## Exercise requirements:
The records below must be repeated exactly, but without their pictures.

[Supplied material]

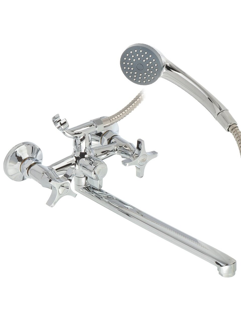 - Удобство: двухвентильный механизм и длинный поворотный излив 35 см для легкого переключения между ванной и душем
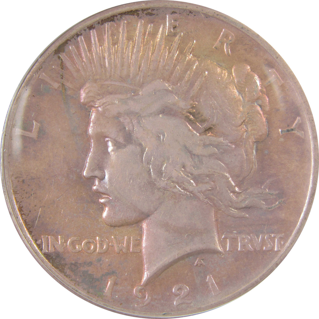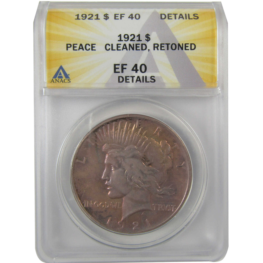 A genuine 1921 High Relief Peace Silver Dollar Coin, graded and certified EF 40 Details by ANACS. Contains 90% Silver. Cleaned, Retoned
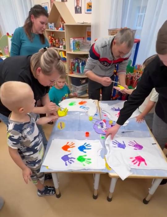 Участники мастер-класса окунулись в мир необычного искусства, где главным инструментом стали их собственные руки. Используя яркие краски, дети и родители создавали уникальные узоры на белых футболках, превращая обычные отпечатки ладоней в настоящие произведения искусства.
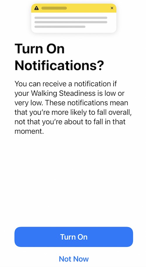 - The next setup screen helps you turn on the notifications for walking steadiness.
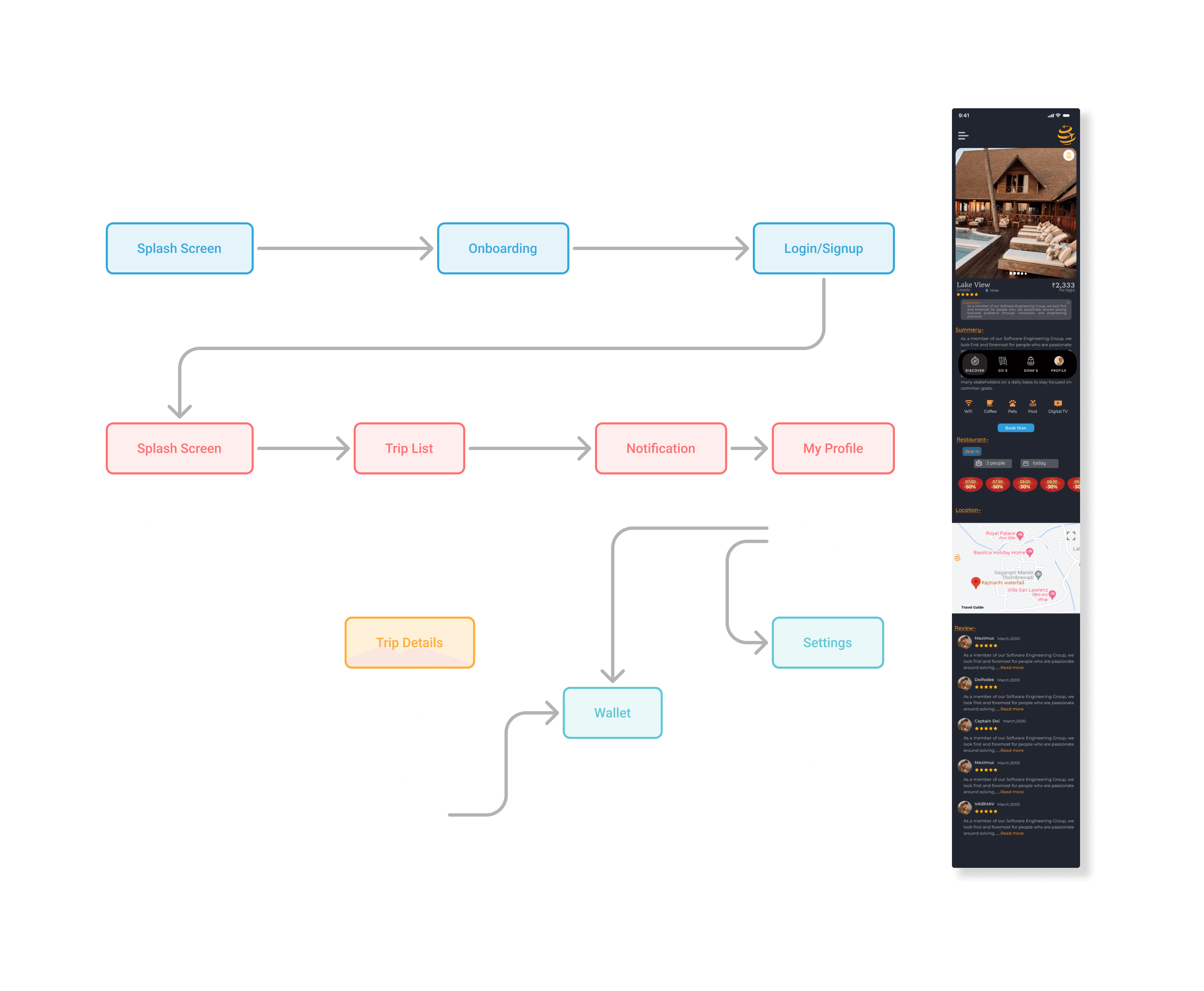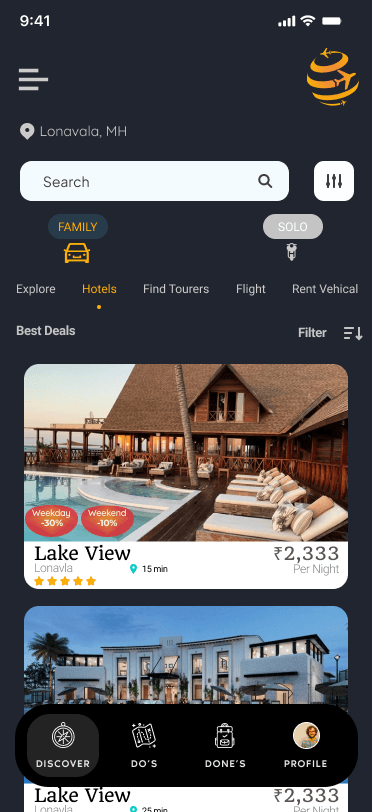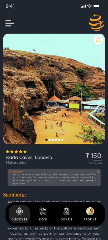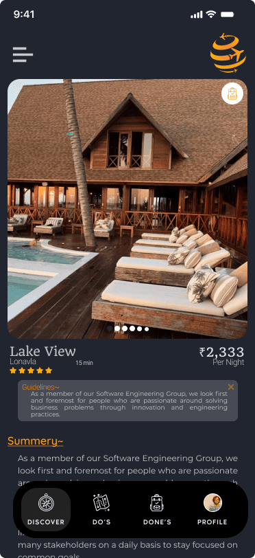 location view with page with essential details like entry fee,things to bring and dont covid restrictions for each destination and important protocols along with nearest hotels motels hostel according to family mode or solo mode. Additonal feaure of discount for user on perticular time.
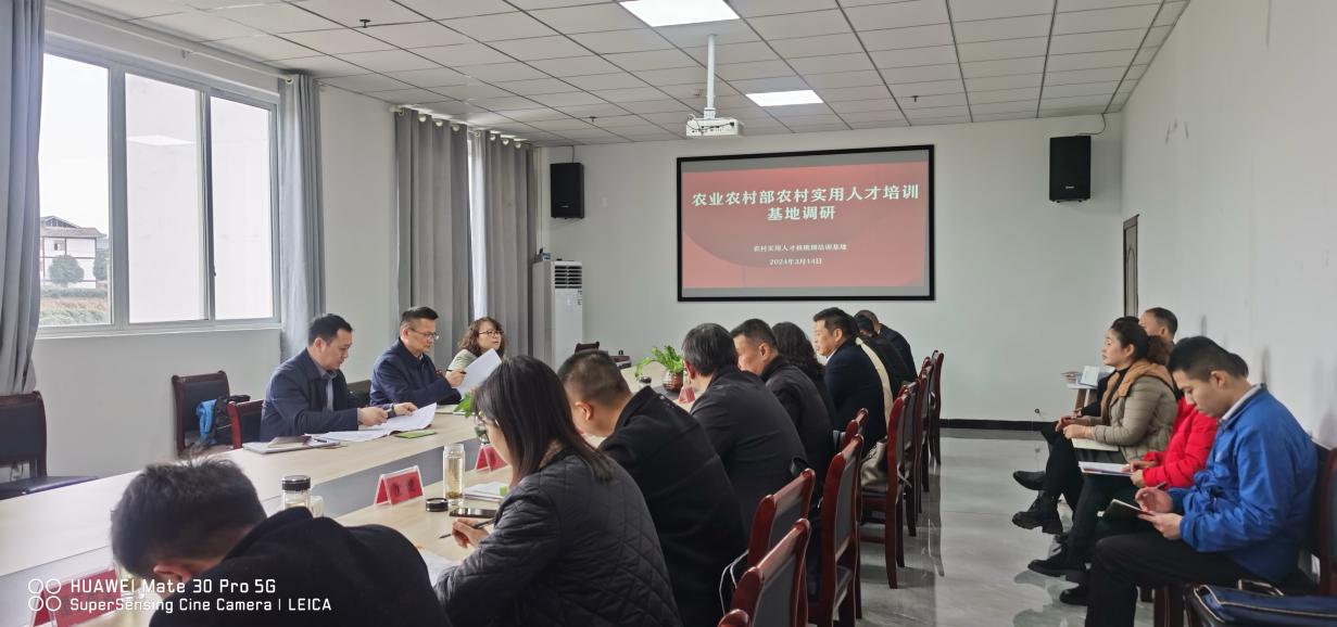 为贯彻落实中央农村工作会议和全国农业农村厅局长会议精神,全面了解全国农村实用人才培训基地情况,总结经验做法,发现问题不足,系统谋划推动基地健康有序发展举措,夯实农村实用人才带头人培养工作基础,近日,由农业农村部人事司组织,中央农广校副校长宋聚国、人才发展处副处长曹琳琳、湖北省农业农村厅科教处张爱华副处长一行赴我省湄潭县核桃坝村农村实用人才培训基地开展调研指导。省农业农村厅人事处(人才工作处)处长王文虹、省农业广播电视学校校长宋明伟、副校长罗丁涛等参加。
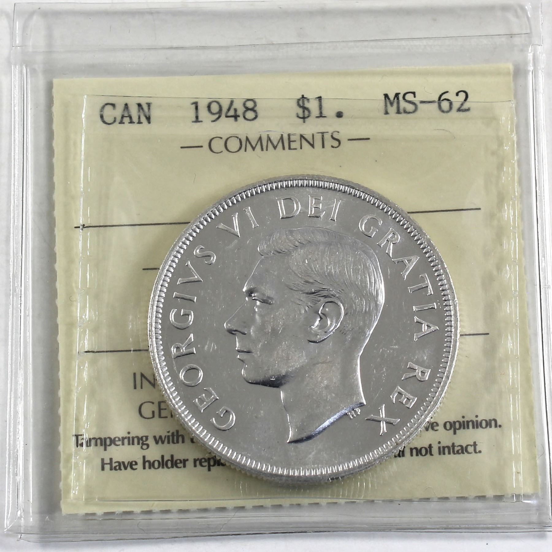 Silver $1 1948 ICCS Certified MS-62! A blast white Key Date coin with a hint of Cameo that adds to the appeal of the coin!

[/Supplied material]

## Solution to this task:
 - Удобство: двухвентильный механизм и длинный поворотный излив 35 см для легкого переключения между ванной и душем
 A genuine 1921 High Relief Peace Silver Dollar Coin, graded and certified EF 40 Details by ANACS. Contains 90% Silver. Cleaned, Retoned
 Участники мастер-класса окунулись в мир необычного искусства, где главным инструментом стали их собственные руки. Используя яркие краски, дети и родители создавали уникальные узоры на белых футболках, превращая обычные отпечатки ладоней в настоящие произведения искусства.
 - The next setup screen helps you turn on the notifications for walking steadiness.
 location view with page with essential details like entry fee,things to bring and dont covid restrictions for each destination and important protocols along with nearest hotels motels hostel according to family mode or solo mode. Additonal feaure of discount for user on perticular time.
 为贯彻落实中央农村工作会议和全国农业农村厅局长会议精神,全面了解全国农村实用人才培训基地情况,总结经验做法,发现问题不足,系统谋划推动基地健康有序发展举措,夯实农村实用人才带头人培养工作基础,近日,由农业农村部人事司组织,中央农广校副校长宋聚国、人才发展处副处长曹琳琳、湖北省农业农村厅科教处张爱华副处长一行赴我省湄潭县核桃坝村农村实用人才培训基地开展调研指导。省农业农村厅人事处(人才工作处)处长王文虹、省农业广播电视学校校长宋明伟、副校长罗丁涛等参加。
 Silver $1 1948 ICCS Certified MS-62! A blast white Key Date coin with a hint of Cameo that adds to the appeal of the coin!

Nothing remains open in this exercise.